Watching Shark Tales, my sons asked about the odds comments and we reached a question I didn’t know the answer to: in real life, what horse won against the biggest odds?
Interesting question; here are some starting points
The 5 longest odds winners of the Grand National all paid 100 to 1.
Arcangues won the 1993 Breeders Cup Classic paying 134.6 to 1.
I’m not aware of any horses that paid out more than Arcangues (but I’m no expert).
Not the highest, but the highest at the Kentucky Derby. 1913. 91-1.
According to the American Racing Manual, the record is $2922 on a two-dollar bet (odds of 1450:1) by Power to Geaux at Aksarben on Dec. 8, 1989.
Prior to that, it was $1,885.50, on Wishing Ring at Latonia in Kentucky on June 17, 1912.
OK, I thought I understood parimutual betting, but I just looked up Power to Geaux’s win and found this text:
So: if someone else had bought, say, a $10 win for Power to Geaux, what would have happened?
Well, from the numbers, it looks like $2922 was the entire betting pool (after the track took its cut and ignoring breakage*). With an additional $10 bet, there would have been $2922 in the pool and $12 bet on the horse to win. You would subtract the $12 from the betting pool (it gets returned to the winning bettors). Thus the calculation would be $2910/12 = $242.5. The horse would then pay twice that for a $2 bet, plus the two dollars they get back – $487.00. The $2 bettor would get $487, and the $10 bettor would get 2445.00.
*Tracks round down calculations to the nearest ten cents.
Bit anecdotal this, as I cannae recall all the details and I just read a snippet about it in the paper, but I believe there was a recent winner in the UK at upwards of 1000-1 on the exchanges.
Betting has changed beyond recognition now with the advent of online betting exchanges, which allow you to act as your own bookmaker and also to offer bets during the course of events such as horse races. Anyhow, one race featured a fallen horse ridden by AP McCoy - someone then offers the horse at ridiculous odds like 2000-1, and a couple of mugs throw a few quid on it. McCoy then remounts to win the race! (I think there must have been other fallers). The guy didn’t get cleaned out too badly as it was only a small stake wagered.
That was Family Business, and it was laid at 999/1 (1000 in decimal odds) to £4, 1000 being the maximum odds on Betfair. See story number 1 here
I know (via the Betfair forum) a guy that won over £100,000 on a horse that was wrongly called as a faller by the TV commentator. Someone laid it at the maximum odds (999/1) thinking it was out of the race but it went on to win.

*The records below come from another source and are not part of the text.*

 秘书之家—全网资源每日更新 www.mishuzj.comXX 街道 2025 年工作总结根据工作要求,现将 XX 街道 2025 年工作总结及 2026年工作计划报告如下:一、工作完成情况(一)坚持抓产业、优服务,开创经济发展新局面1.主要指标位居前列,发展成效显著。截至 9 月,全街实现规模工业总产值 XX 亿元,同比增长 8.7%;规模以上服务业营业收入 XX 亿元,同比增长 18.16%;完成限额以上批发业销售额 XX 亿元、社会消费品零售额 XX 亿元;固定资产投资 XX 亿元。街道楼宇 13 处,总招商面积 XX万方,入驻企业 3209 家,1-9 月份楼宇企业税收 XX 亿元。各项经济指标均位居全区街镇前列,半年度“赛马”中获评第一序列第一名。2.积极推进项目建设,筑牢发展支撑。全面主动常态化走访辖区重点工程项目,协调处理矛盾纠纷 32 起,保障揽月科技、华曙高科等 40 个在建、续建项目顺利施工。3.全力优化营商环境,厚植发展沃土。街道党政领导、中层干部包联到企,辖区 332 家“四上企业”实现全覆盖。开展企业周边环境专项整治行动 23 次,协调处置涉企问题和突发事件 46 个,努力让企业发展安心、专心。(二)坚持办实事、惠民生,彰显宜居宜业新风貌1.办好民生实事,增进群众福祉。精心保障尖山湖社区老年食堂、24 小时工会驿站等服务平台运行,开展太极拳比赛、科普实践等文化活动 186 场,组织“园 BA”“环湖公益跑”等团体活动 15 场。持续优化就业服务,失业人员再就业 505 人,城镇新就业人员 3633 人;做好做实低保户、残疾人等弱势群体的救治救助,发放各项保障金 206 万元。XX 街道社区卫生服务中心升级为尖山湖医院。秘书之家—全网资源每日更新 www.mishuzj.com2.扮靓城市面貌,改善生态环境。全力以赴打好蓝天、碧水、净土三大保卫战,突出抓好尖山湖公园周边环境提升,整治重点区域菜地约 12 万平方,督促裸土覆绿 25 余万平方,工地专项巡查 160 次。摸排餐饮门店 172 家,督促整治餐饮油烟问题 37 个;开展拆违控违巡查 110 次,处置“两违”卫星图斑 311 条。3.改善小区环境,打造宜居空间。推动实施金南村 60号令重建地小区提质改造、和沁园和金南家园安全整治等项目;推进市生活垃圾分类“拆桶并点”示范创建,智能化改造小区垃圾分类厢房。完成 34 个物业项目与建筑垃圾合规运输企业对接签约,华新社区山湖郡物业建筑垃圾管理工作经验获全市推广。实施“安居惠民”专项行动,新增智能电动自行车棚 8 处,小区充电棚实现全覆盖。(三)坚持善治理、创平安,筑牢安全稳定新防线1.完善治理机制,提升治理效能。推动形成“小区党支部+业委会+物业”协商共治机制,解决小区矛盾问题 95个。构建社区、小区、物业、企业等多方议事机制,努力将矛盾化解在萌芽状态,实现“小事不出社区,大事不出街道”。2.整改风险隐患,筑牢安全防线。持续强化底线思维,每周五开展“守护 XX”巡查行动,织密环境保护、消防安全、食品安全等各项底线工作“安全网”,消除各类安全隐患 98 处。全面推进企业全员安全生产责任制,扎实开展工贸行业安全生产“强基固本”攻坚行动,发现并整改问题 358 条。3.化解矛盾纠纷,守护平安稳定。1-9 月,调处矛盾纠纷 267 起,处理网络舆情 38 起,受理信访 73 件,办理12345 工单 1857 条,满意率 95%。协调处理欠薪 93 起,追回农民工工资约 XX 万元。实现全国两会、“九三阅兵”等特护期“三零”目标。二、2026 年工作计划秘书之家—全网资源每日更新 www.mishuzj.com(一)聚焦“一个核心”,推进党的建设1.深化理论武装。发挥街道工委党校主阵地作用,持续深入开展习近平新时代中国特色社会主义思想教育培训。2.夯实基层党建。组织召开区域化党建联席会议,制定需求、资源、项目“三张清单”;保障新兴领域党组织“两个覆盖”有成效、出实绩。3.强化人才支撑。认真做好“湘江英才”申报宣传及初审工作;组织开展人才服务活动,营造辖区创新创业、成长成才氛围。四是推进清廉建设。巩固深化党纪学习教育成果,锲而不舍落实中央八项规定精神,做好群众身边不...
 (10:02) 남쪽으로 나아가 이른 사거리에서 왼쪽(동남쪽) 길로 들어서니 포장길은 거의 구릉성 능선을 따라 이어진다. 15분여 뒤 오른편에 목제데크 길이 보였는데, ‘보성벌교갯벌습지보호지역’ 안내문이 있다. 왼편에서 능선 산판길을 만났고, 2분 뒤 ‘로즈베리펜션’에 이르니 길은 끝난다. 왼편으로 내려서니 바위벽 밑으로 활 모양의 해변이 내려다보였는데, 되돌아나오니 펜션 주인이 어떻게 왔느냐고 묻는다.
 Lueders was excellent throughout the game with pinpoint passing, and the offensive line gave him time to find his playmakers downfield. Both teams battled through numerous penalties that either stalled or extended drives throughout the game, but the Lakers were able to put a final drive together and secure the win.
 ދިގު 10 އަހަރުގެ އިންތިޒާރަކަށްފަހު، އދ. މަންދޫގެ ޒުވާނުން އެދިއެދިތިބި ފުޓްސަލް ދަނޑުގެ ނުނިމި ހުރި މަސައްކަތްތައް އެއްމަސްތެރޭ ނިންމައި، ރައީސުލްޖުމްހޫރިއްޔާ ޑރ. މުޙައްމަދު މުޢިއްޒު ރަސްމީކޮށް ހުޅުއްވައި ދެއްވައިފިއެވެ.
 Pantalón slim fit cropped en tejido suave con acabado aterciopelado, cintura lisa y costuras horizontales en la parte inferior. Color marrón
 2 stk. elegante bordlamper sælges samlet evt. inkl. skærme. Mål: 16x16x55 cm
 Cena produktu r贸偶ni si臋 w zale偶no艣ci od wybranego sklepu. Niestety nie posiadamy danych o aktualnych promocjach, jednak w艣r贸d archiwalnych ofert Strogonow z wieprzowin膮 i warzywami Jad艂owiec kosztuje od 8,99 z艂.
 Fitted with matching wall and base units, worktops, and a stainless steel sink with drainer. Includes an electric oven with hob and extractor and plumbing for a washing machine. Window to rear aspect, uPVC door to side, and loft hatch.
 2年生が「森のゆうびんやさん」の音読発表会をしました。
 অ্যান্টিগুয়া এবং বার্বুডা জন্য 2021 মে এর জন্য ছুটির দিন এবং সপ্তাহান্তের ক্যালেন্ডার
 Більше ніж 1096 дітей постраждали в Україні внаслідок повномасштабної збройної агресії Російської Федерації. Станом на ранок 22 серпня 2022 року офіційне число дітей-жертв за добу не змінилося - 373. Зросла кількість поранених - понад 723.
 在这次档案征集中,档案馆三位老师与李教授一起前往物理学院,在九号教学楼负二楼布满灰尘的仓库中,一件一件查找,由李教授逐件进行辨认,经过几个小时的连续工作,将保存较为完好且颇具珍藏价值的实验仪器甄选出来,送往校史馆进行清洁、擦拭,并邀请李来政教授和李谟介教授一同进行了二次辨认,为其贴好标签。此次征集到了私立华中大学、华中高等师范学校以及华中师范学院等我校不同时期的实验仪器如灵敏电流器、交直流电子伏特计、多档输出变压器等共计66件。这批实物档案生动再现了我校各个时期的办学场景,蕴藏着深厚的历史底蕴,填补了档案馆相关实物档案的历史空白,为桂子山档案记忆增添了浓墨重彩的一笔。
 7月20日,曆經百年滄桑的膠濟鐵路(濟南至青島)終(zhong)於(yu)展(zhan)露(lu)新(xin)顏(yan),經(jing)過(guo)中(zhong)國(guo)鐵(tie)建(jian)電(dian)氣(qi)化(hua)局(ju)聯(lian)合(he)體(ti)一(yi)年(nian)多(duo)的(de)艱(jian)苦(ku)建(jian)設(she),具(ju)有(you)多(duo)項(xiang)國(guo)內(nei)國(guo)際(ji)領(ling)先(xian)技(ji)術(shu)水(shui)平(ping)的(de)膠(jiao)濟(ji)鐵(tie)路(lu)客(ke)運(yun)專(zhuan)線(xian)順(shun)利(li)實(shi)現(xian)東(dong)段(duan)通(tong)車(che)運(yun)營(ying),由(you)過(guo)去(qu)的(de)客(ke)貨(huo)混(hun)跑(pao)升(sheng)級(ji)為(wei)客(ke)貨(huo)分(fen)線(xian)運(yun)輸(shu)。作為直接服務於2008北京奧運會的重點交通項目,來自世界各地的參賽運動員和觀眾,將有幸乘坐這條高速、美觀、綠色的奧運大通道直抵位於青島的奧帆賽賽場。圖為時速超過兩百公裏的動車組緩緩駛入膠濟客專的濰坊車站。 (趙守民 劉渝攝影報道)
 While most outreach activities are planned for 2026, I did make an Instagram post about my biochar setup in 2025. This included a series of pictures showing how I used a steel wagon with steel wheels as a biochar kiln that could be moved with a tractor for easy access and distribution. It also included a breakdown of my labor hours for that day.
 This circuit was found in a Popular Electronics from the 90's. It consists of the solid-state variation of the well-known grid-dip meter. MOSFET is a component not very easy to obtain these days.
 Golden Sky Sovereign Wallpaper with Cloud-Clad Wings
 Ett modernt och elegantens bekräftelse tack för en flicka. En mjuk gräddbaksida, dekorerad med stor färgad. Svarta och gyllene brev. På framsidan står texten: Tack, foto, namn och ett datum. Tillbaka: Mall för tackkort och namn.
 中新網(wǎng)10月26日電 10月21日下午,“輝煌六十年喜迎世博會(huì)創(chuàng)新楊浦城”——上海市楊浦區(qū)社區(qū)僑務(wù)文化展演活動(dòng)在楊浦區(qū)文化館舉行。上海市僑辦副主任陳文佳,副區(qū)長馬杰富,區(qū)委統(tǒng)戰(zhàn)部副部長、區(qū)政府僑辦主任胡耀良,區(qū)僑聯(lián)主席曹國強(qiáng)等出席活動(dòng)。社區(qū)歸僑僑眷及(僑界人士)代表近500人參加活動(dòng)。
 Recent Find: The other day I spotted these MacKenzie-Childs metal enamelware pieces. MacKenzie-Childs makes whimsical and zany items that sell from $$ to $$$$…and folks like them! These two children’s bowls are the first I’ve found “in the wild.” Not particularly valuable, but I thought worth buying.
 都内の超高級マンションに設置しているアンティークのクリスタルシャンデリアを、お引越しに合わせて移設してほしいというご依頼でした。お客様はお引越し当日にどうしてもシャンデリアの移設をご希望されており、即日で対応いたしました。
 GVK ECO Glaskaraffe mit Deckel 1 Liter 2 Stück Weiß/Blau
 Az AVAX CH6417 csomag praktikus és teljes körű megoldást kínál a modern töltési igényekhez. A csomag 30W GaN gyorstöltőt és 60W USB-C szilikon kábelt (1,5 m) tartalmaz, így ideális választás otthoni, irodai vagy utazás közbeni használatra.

Gambling being what it is, said punter has since lost the lot, with interest. :dubious:
Another 999/1 winner was Pangbourne after the jockey of the leading horse fell off yards from the line.
They allow bets to be made after the horses go off?
If both the person making and the person taking the bet are happy, why not?
Maybe, but the person taking the bet is a fool.
Why, Reality Chuck? You can bet ‘in-play’ on pretty much all kinds of sporting event in the UK, it’s no big deal.
It’s unheard of in North America, for horse racing at least. I don’t know about other sports (baseball, basketball, football, hockey), but once the horses start, the windows close. Bettors still in line are shut out from betting on that race.
Mind, we don’t have as large as culture of private, set-their-own-odds (i.e. non-tote) bookmakers as the UK does, so maybe that has something to do with it. Still, I’d imagine that the few legal private books there are, as in Las Vegas, don’t allow wagers to be placed once the horses start.
This has got to be up there as your answer.
A quick digression on the mechanics of parimutuel betting. Because bettors want to know the odds in real time a system had to be developed to record and display the total pool of bets and each horse’s current odds. In the pre-electronic age an enterprising Australian invented and installed enormous mechanical devices to calculate the odds in real time from numerous betting windows. By 1930 the totalisator installed at Longchamp could handle 42 runners in an event and take bets from 300 ticket windows simultaneously. Here’s a fascinating little piece on Australian Totalisator Limited and a more detailed article on their first installation in 1913.
You can make halftime bets on football.
And last time I was in Vegas at the Mirage, they were taking bets between quarters of a playoff basketball game. Not completely “in-play”, but pretty close.